Social Security.The Budget Resolution assumes the President’s full funding request of $11.6 billion for administrative expenses at the Social Security Administration (SSA). This funding will help to reduce unacceptable delays for disabled individuals in receiving benefits and to ensure that program dollars are spent wisely at a time when SSA is facing a significant increase in new claims for disability and retirement benefits during the recent economic downturn.

Veterans. The Bush Administration consistently underestimated the needs of veterans, and Congress made up the shortfall. The Budget Resolution:

·         Supports President Obama’s request for a 10 percent increase for the VA and provides additional resources to the VA so that veterans’ insurance need not be billed for service-connected VA care.

·         Ensures that the Veterans Health Administration can provide the highest quality health care for all veterans.

·         Supports adequate funding that can address the costs of constructing new cemeteries as well as the needs of existing State Veteran Cemeteries.

Administration of Justice. The Budget Resolution provides funding for:

·         Combating Financial Fraud.The failure or near failure of so many financial institutions has caused enormous damage to the national and global economy, wiped out savings for millions of investors, and required an unprecedented level of support by the taxpayer through government rescue plans. The Budget Resolution includes sufficient resources for regulators and law enforcement officials to uncover and address wrongdoing administratively, through civil law, and, where warranted, through criminal prosecution.

·         Law Enforcement Assistance. The Budget Resolution recognizes the important role the partnership between federal, state, and local law enforcement entities plays in maintaining safe communities. For example, the Community Oriented Policing Service (COPS) grant program provides funding that is critical in many urban and rural areas in maintaining police presence, carrying out criminal investigations, and in training and equipping law enforcement officers. This, and other support for local law enforcement, remains a priority.
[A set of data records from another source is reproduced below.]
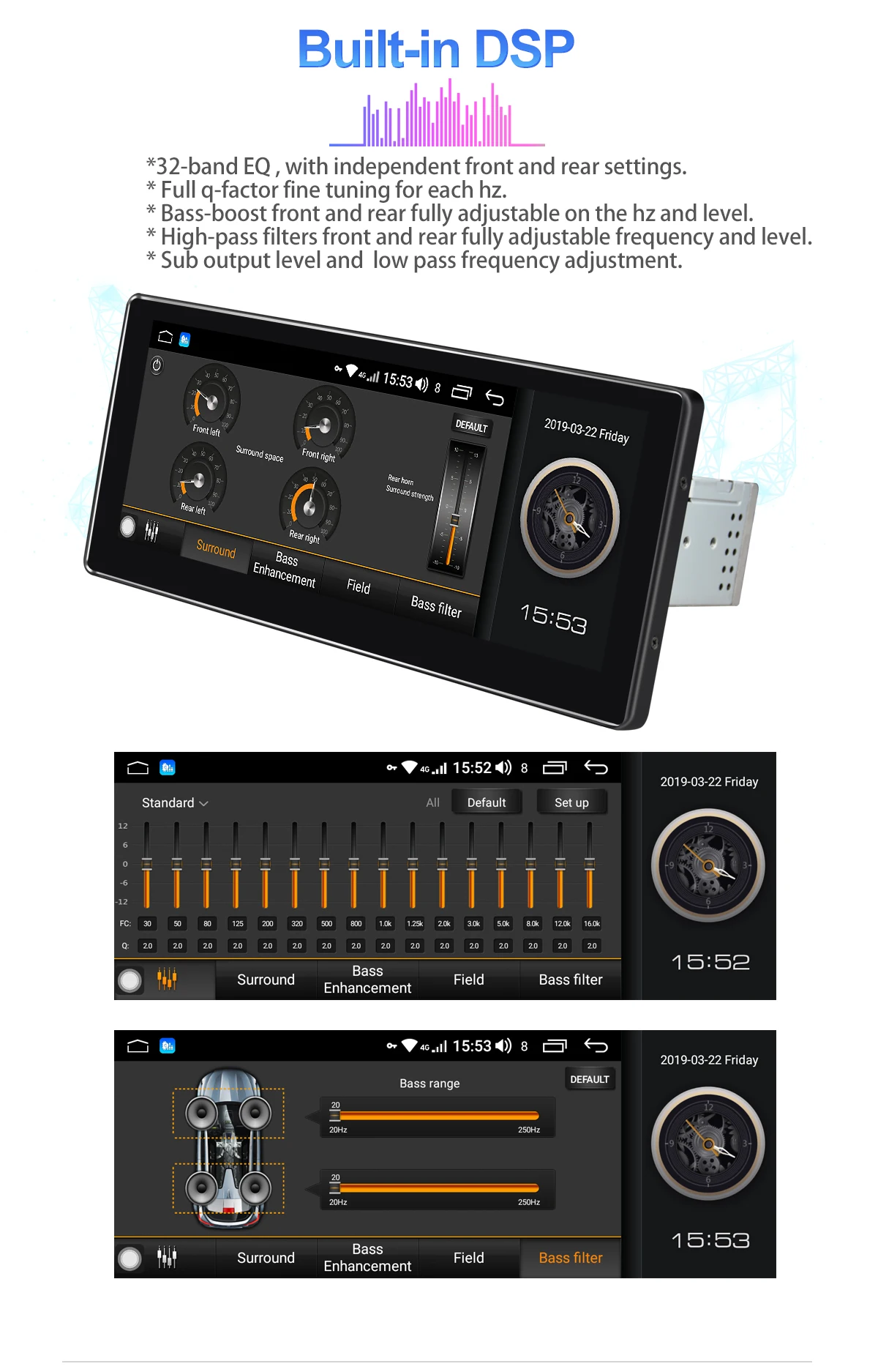 1. Android 8.1.0, Intel 1,8 GHZ Восьмиядерный SC9853I, 10,25 дюймов один din 1280*480 IPS экран 2. Супер аппаратная производительность, 4 Гб RAM + 64 ГБ ROM Octa Core 3. Интернет-развлечения, встроенный модуль 4G и поддержка WiFi 4. Поддержка Google Play Store, вы можете скачать множество приложений 5. Поддержка обратной камеры aftermarket/DVR/OBD2/DAB +/TPMS, вам нужно купить отдельно 6. Поддержка быстрой загрузки, быстрое включение радио 7. Поддержка кнопок управления рулевым колесом (если у вашего автомобиля нет декодера Canbus, если у вашего автомобиля есть декодер Canbus, вам нужно купить дополнительный адаптер с декодером Canbus, чтобы он работал) 8. Bluetooth для handfree, Синхронизация Bluetooth телефонной книги 9. Поддержка сети 3G/4G, делает радио доступ в Интернет легко 10. Встроенный DSP, делает радио лучше звук и более Регулируемый эквалайзер 11. Поддержка Android auto, поддержка проводного подключения (через usb кабель) 12. Поддержка Apple carplay, поддержка беспроводного подключения (через bluetooth) и проводного подключения (через usb кабель) 13. Поддержка голосовой команды Новый JOYING блок теперь поставляется с SPDIF цифровой аудиовыход. Для максимального качества звука вы можете напрямую подключить внешний усилитель/DSP к цифровому выходу SPDIF; Если ваш внешний усилитель/DSP не поставляется с входом SPDIF, вам нужно будет подключить усилитель/DSP через FL/FR out & RL/RR out.
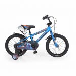 Children bicycle 16“ steel frame. Alloy wheels. Alloy stem. Front and rear V-brake. Plastic mudguards and chainwheel guard . Sidewheels. Bell. Suitable for children from 4 to 6 years old, with max weight up to 30 kg
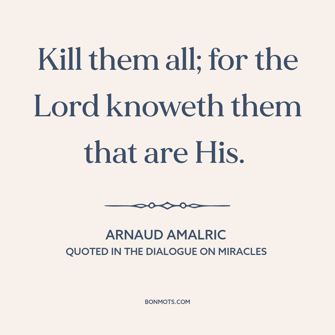 Arnaud Amalric. Quoted in The Dialogue on Miracles, written by Caesarius of Hesterbach, translated by Ronald Pepin. Vol. 1, Liturgical Press, 2023.

Economic Investments. The Budget Resolution provides for:

·         Small Business. The Budget Resolution recognizes the critical role small businesses play in job creation and seeks to build upon the important small business investments contained in the American Recovery and Reinvestment Act. That package raised the maximum guarantee on loans in the Small Business Administration’s largest program to 90 percent, eliminated costly fees for borrowers and lenders, and included a series of tax cuts for small businesses and tax incentives to encourage investment in small businesses. In addition, as part of the President’s Financial Stability Plan, the Treasury Department will begin purchasing up to $15 billion of Small Business Administration (SBA) loans. To continue the work began under these two programs and to continue our commitment to a strong small business sector, the Budget Resolution provides $880 million for SBA.

·         Manufacturing. The Budget Resolution acknowledges the need to help American manufacturers and businesses remain competitive in the global marketplace by adopting advanced manufacturing technologies. Accordingly, the Budget Resolution adopts the Administration’s budget level for the Manufacturing Extension Program (MEP), which is dedicated to ensuring American small- and medium-sized manufacturers create jobs in the United States. The Budget Resolution supports increased funding for Economic Development Administration grants to local governments to revitalize closed manufacturing plants. In addition, the Budget Resolution includes a deficit-neutral reserve fund to support legislation that would further aid local communities in redeveloping closed manufacturing plants and the retraining of manufacturing workers for advanced technology jobs.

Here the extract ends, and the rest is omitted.